Сантехник спал сидя, и Андрей, взвалив на себя служивого, снес его вниз.

Дождь уже кончился. Перейдя на другую сторону проспекта, Андрей прощально глянул на дом, куда занесла его судьба, попросив ее не устраивать ему больше таких фокусов. Странный, очень странный дом! Поскорей бы забыть его, а заодно и эту Алевтину, домработницу и студентку!

(Три года спустя у Андрея Сургеева умерла жена, Аля, Алевтина, умерла в мокрый сентябрьский вечер, в однокомнатной квартирке типовой пятиэтажки, нa окраине Москвы, вдалеке от магазинов; за молоком и творогом для Али приходилось ездить на далекий Черемушкинский рынок. Умерла на кровати, которую спавший на кушетке Андрей сделал скрипучей, чтоб она звала его ночью, когда Аля немела от боли, распрямлявшей скрюченное тело ее.

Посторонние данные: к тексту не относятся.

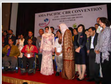
Minister Y.B. Senator Dato' Seri Shahrizat Abdul Jalil and Participants in the Closing Ceremony

Умирала она в ясном и полном сознании. Бывают в ранней осени неподвижные дни, когда воздух так чист и прозрачен, что дробит все сущее на отдельные и самостоятельные предметы. Видимо, в эти дни земля упрятывает в себе тепло, накопленное за лето, не отдает его и поэтому не искажает восходящими струями очертания листочков, пней, скамеек в парке. И Аля перед смертью своей — все видела отчетливо; быт для нее стал нематериальным, неощущаемым, и жизнь, уже отлетавшая, представлялась в резких картинках. В великом стыду Андрей прошептал ей: «Ты должна ненавидеть меня…» Она так поразилась, что привстала даже: «За что — ненавидеть? Ты же дал мне все — свободу, любовь к мужчине, боль при родах, и эта боль сделала меня сестрой всех матерей, и если так получилось, что ребеночек умер, так это из-за меня, из-за слабости моей, и не вини себя. И смерть ты мне дал, все теперь мною испытано, всегда ты был концом и началом всего, меня тоже, — да разве ж можно тебя ненавидеть?»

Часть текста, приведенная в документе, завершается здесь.